Dans le TDA/H, certaines de ces fonctions, voire toutes, sont déficitaires lors des bilans neuropsychologiques (QI plus NEPSY 2 "attention et fonctions exécutives"). Par contre, si elles ne sont pas déficitaires aux bilans, et qu'on relève des difficultés de concentration et/ou comportementales, il faut faire d'autres hypothèses, dont des difficultés psychologiques ou éducatives. Mais, encore faut-il faire un diagnostic différentiel incluant les bilans neuropsychologiques (QI + NEPSY 2) en plus de l'évaluation psychologique (anamnèse)...

Bien que cela soit assez rare, l’expérience montre que des enfants présentant des symptômes évoquant un TDA/H, amenés en consultation pour faire ces bilans neuropsychologiques en préparation à une consultation avec un médecin pédopsychiatre ou neuropédiatre spécialisé sur le TDA/H, n'ont pas de déficit attentionnel et des fonctions exécutives.

En revanche, on découvre souvent un TDA/H chez des enfants/adolescents pour qui les symptômes de déficit attentionnel, des fonctions exécutives  et d’agitation, mais aussi d'anxiété, de difficulté d'apprentissage, d'opposition, voire de dépression, sont attribués à des facteurs exclusivement psychologiques. Or, une fois la passation des bilans neuropsychologiques (QI + NEPSY 2) réalisée, on constate que ces symptômes s'inscrivent dans un TDA/H avec sa comorbidité.

 

Ainsi, il ne faut pas se fier aux apparences.
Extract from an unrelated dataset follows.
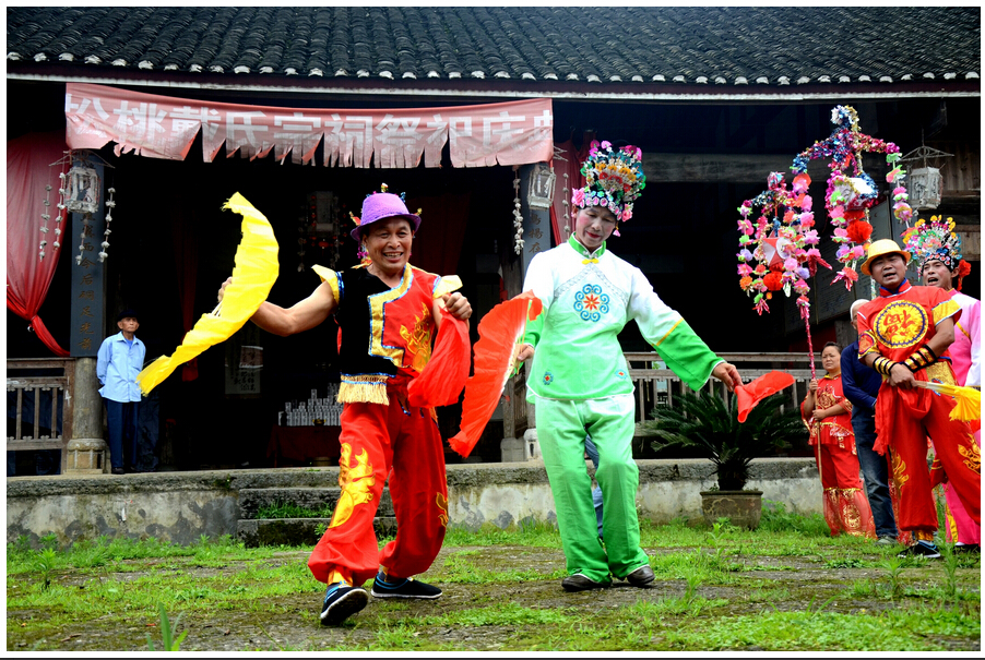 松桃茶灯仪式中的外在表现也具有一定的隐喻意义,包括道具、舞蹈动作、场景转换等。如舞者手中的蒲扇好像就是一个具有神力的万能道具,它根据不同表达内容,具有不同的功能,是跳茶灯必备的、有象征意义的道具:采茶时就是背篓,“双飞燕”时便成了燕子,斩鬼神时就是刀。舞蹈动作中“门斗转”,女高男低,赖花子围着幺妹子转圈,寓意祖先崇拜;太公摇浆则是述说民间传说故事,其隐喻更丰富;赖花子通过三脚猫、矮桩步等“丑态”反衬出女性的美,暗示对女性的讨好等。松桃茶灯仪式的隐喻,无处不在,处处都隐喻着人们心灵深处的那些情感。
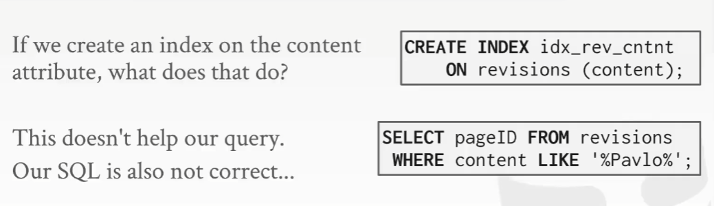 如果试着在 content 这个字段上构建索引,会是一个 bad idea,因为它会尝试使用表中这个属性里的 整个内容,来构建出 B+ Tree,然后有些 content 的 size 是按照 KB 来算的

Les symptômes relevés durant l'anamnèse doivent être vérifiés par les bilans neuropsychologiques quand ils évoquent le tableau clinique du TDA/H, afin de ne pas confondre desun trouble neurologique à conséquences psychologiques, et des difficultés psychologiques et/ou éducatives. Bien entendu, ceci n'exclut pas qu'il y ait aussi des éléments psychologiques à travailler chez un enfant TDA/H. Mais faire avec les symptômes du TDA/H et/ou de sa comorbidité un diagnostic purement psychologique, sans bilans neuropsychologiques, c'est faire un diagnostic borgne avec le risque de proposer une aide thérapeutique inadaptée, donc inefficace.